Ihre Kampfbereitschaft zum Erreichen eines gemeinsamen Basispreises für Milch betonten die Neu-Ulmer Mitglieder der sich bundes- und europaweit organisierenden Milcherzeugergemeinschaft "Milch-Board" bei einer Protestversammlung im Hotel Seligweiler.
Unterroth/Elchingen (mde) - Ihre Kampfbereitschaft zum Erreichen eines gemeinsamen Basispreises für Milch betonten die Neu-Ulmer Mitglieder der sich bundes- und europaweit organisierenden Milcherzeugergemeinschaft "Milch-Board" (was man auch mit "Milchgewerkschaft" übersetzen könnte) bei einer Protestversammlung im Hotel Seligweiler. Gestern Abend trafen sich die Milchbauern aus dem südlichen Landkreis Neu-Ulm im Gasthaus "Linde" in Unterroth.
Zusammen mit dem Bund Deutscher Milcherzeuger wollen die landwirtschaftlichen Gewerkschaftler verhindern, "dass den Erzeugern, denen die Milch bis zum Hals steht, von den marktbeherrschenden Lebensmittelkonzernen das Wasser vollends abgegraben wird", wie der Milch-Board-Kreisvorsitzende Martin Sauter (Ingstetten) und der Baden-Württembergische Landesvorsitzende Daniel Kießecker (Schwäbisch Hall) auf der Erzeugerversammlung betonten.
"Wir müssen uns formieren, wir müssen losmarschieren und wir müssen selbstbewusst um das kämpfen, was für jeden Handel gilt, nämlich dass der Preis für eine Ware feststeht, bevor geliefert wird", machte Daniel Kießecker das oberste Milch-Board-Ziel deutlich. "Das Kirchturmdenken muss beendet werden, wir brauchen einen nach unten gedeckelten EU-weiten Basispreis, damit wir nicht zu Knechten der Lebensmittelkonzerne verkommen.
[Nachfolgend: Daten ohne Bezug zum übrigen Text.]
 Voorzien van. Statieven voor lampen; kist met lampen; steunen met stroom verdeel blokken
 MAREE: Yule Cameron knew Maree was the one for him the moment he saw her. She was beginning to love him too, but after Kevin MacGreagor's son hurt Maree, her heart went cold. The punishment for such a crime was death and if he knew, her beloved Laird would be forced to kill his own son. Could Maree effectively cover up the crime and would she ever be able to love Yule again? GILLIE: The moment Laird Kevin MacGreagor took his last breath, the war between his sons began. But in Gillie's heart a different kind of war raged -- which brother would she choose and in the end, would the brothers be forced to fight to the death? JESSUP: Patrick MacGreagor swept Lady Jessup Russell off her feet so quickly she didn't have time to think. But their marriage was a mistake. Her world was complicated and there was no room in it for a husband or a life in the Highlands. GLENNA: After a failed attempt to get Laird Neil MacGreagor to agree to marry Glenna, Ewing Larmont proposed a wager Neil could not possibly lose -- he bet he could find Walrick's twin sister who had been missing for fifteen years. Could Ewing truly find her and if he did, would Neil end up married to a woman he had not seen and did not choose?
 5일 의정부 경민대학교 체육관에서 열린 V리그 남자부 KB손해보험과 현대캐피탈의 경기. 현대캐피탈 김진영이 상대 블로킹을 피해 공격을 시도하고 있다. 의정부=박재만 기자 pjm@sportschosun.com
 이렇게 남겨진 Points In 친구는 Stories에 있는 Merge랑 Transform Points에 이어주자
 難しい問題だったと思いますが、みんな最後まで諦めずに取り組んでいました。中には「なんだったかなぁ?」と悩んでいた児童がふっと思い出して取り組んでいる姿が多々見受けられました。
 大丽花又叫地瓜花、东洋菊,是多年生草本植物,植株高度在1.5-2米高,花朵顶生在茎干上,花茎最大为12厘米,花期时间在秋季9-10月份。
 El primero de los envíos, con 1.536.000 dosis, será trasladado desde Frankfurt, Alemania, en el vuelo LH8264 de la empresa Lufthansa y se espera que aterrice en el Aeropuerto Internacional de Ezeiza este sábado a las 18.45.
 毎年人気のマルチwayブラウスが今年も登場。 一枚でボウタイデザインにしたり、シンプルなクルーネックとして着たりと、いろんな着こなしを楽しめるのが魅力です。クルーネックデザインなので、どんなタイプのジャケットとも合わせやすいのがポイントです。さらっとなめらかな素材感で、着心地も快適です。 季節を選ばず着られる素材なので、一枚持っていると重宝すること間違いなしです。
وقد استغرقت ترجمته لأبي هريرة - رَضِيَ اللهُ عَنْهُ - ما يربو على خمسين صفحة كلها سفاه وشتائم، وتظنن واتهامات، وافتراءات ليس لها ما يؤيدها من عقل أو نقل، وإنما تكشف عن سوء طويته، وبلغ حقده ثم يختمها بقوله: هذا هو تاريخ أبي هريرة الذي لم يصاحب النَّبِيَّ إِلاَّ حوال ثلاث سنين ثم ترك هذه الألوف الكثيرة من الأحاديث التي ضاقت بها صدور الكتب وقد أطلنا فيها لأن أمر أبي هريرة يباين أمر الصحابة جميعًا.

Dieser Preis wird vom Milch-Board festgesetzt", unterstützte Martin Sauter seinen Vorredner. "Was ist der Unterschied zwischen Milch-Board und einer normalen Milcherzeugergemeinschaft (MEG)?", fragte ein Zuhörer. Eine normale MEG sei ausschließlich um die bestmögliche Vermarktung der von ihren Mitgliedern erzeugten Milch bemüht, egal ob damit die Produktionskosten gedeckt würden oder nicht. Das Milch-Board befasse sich neben der Vermarktung mit der Gestaltung der Verkaufsregeln, deren Ziel der Basispreis sei, unter dem keine Milch geliefert würde, antwortete Sauter.
"Wir müssen europaweite Verkaufsregeln erreichen, die besagen, welcher Milchpreis mindestens erzielt werden muss, damit die Milch überhaupt dem Milchmarkt zugeliefert wird", ergänzte Daniel Kießecker.
"Die Lage ist dramatisch. Der Erzeugerpreis pro Liter liegt bei 39 bis 41 Cent. Der aktuelle Milchpreis liegt bei 26 Cent und ist weiter auf Talfahrt, teilweise ist er bereits bei 19 Cent angelangt und das trotz steigender Preise bei den Milchprodukten und horrenden Gewinnzahlen der Konzerne. Deren Marktbündelung ist europaweit abgeschlossen. Es ist höchste Zeit, dass die Bündelung der Erzeuger folgt und sich der Milchpreis an den Produktionskosten orientiert und nicht an dem, was der Handel für uns übrig lässt.
Wir sind nicht länger die Letzten in der Vermarktungskette, sondern die Ersten. Der nächste Lieferboykott wird nicht mehr landesweit, sondern europaweit erfolgen", warnte er "die globalen Preisdrücker". Mit dem Satz "Es gibt keine Alternative zum Milch-Board, Marktmacht hat derjenige, der am Markt Macht hat", schloss Kießecker die Versammlung, der eine lebhafte Diskussion folgte.